Lightroom Tips

Scott's Top 10 (+ 3 of my own)

If you haven’t seen it already, Scott Kelby posted a “10 Things I Would Tell New Lightroom Users” article over on his blog today. Its a must read if you’re a new-ish Lightroom user and I’ll be you’ll find something cool on there even if you’ve been using Lightroom for a while. However, I wanted to add 3 of my own.

1) Lightroom saves all of your history states… forever!
Ever notice that when you’re working in Lightroom you never actually have to save your image? In Photoshop we’re always going to File > Save but not in LR. That’s because Lightroom has a History panel in the Develop module (on the left side panel group). It automatically saves every single thing you do to your photos.
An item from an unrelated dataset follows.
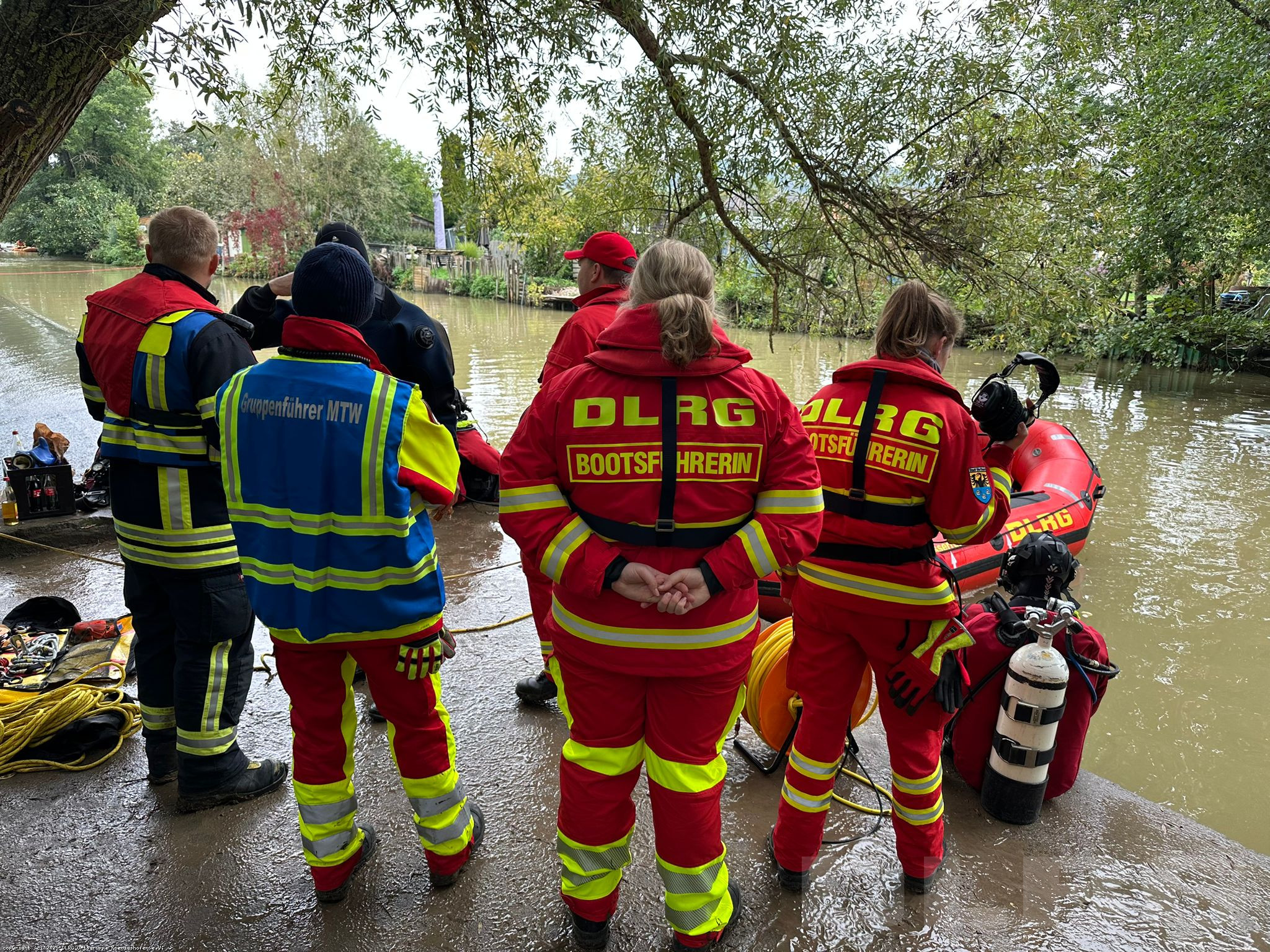 Im weiteren Verlauf wurde durch die örtliche Einsatzleitung weitere Einheiten an die Einsatzstelle angefordert, sodass auch die DLRG Gruppen Wertheim und Freudenberg alarmiert waren. Neben den DLRG Gruppen waren auch mehrere Abteilungen der Freiwilligen Feuerwehren Lauda-Königshofen und Tauberbischofsheim, die Berufsfeuerwehr Würzburg, das DRK, THW Igersheim, die Rettungshundestaffel Bad Mergentheim und die Wasserortungshunde der DLRG Wertheim im Einsatz. Nach mehreren Stunde Suche durch Taucher, Drohnen, Suchtrupps und die Hunde meldete sich eine Person bei der Einsatzleitung, dass sie auf dem Nachhauseweg nach einem Besuch auf der Königshöfer Messe einige Sachen verloren hatte und diese nun suche.

The cool part is that unlike Photoshop (which discards your history when you quit the program), Lightroom saves this forever so you can always go back to it.

2) Lightroom’s Backup feature only backs up your catalog, not your photos.
Don’t forget that Lightroom’s backup feature only backs up the catalog – not the photos. So if your computer crashed and you had your backup, you could reinstall Lightroom and revert to the backup you created from Lightroom. But you’d only have your catalog with all the “stuff” you’ve done to your photos. You wouldn’t have your actual photos unless you’ve specifically backed them up separately (which is really easy if you follow Scott’s advice on where to store your photos).

3) No matter what you do, if you shoot in raw, editing in Photoshop will create a copy of your image.
I hear this one a lot. People are surprised that after they go to edit a raw photo in Photoshop, there’s a copy of the photo when they return to Lightroom. This will always happen. You can’t change it because you can’t edit the original raw photo in Photoshop. Lightroom has to render a copy of the image out and you’ll have that copy (in PSD or TIFF format) when you return to Lightroom. Your raw photo is still there, by the way, and it will still have all of your Lightroom-related changes in it, but only the copy will contain any Photoshop edits you’ve done.

So there’s my 3 add-ons to Scott’s post. Take care!